= Shōshinge =

The Shōshinge (正信偈) or The Hymn of True Faith was written by the founder of Jōdo Shinshū Buddhism, Shinran. It consists of an outline of the Pure Land Buddhism teaching according to Shinran's personal interpretation. The structure is as follows:

- Homage to Amida
- Adoration to Amida and Shakyamuni Buddhas
- Exhortation to take refuge in Amida
- Teachings of the Patriarchs:
1. Nagarjuna
2. Vasubandhu
3. Tanluan
4. Daochuo
5. Shandao
6. Genshin
7. Hōnen
- Exhortation

The Shōshinge is followed by six verses from Shinran's Sanjō Wasan.
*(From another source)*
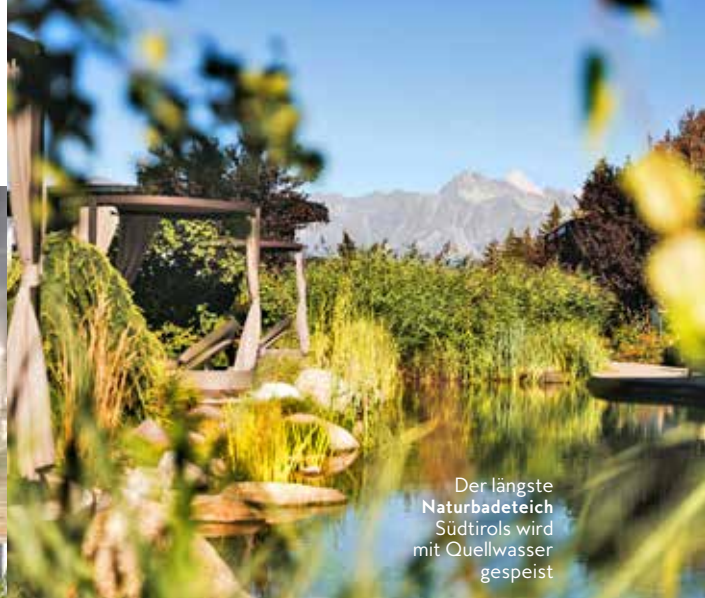
Der längste Naturbadeteich Südtirols wird mit Quellwasser gespeist

The first six verses of the Jōdo Wasan (浄土和讃) section of the Sanjō Wasan (based on Donran's San Amida Butsu Ge), are most frequently used but traditional temples work their way through the whole Sanjō Wasan on an annual basis. In the past Hongan-ji temples chanted the Shōshinge and Wasan daily at 6 AM, but some Jōdo Shinshū temples now reserve the Shōshinge for special holidays due to its length. The Shōshinge can take up to 30 minutes to chant in its entirety.

In Higashi Hongan-ji there are 10 styles of chanting the Shoshinge and in Nishi Hongan-ji 5. Only two or three styles are used regularly. The everyday style is fast, light and monotone whereas the formal styles are often slower, higher toned and more rhythmical.